Cereal imports will incur a 2.0 per cent customs value charge, while exports will be taxed at 0.3 per cent.

In Summary
  • This development is now expected to have significant implications for both local and international traders, potentially affecting prices and supply chains.
  • The new levies is seen as part of the government’s plan to widen its revenue base
Women selling cereals at Malaba's main open air market.
EVERYTHING FOR SALE: Women selling cereals at Malaba's main open air market.
Image: FILE

The government has announced plans to operationalise the food crops regulations gazetted five years ago targeting importers and exporters.

In a notice dated May 28, the Agriculture and Food Authority (AFA) says effective July 1, cereals, legumes and pulses and roots or tubers will now be subjected to taxes.

The Crops (Food Crops) Regulations, 2019, were drafted by the authority together with the ministry and relevant stakeholders.

They were meant to guide the promotion, development and regulation of production, processing and trade of the particular crops in the country.

“Pursuant to provisions of these regulations, the authority through the Food Crops Directorate hereby notifies all food crops importers and exporters that starting July 1, 2024, the imposition of levies will commence…,”the notice issued by AFA Director General Bruno Linyiru reads.

“The rates for the levies will be as tabulated in the Third Schedule of the regulations,” it adds.

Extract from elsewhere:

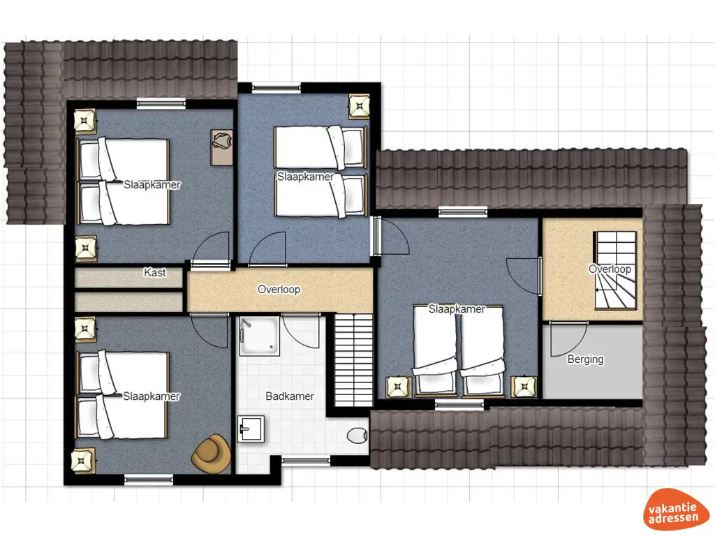 Op de begane grond zijn de eerste 2 slaapkamers, een badkamer en een separaat toilet te vinden. Op de eerste verdieping zijn 4 ruime slaapkamers te vinden, naast een ruime badkamer met douche, toilet en wastafel. De ruimtes bieden de mogelijkheid om een kinderbedje te plaatsen. Alle kamers zijn met warme kleuren zeer smaakvol ingericht, zodat je echt tot ontspanning komt en kunt genieten van een goede nachtrust.

Under these new regulations, cereal imports will incur a 2.0 per cent customs value charge, while exports will be taxed at 0.3 per cent.

Similarly, legumes and pulses imported into the country will be subjected to a 2.0 per cent customs charge, with exports facing a 0.3 per cent levy.

For roots and tubers, the import tax is set at 1.0 per cent, with a 0.3 per cent tax on exports.

“You are required to take note of this development and prepare to comply,” it states.

This development is now expected to have significant implications for both local and international traders, potentially affecting prices and supply chains.

The new levies are seen as part of the government’s plan to widen its revenue base which has argued that such levies are necessary for regulating the market and protecting local agriculture.

The push for a broader tax base has been President William Ruto's rallying call since he took over power.

"We must move our revenue collection from 14 per cent to 25 per cent. From Sh2.1 trillion to between Sh4 trillion and Sh5 trillion," Ruto said in a past event.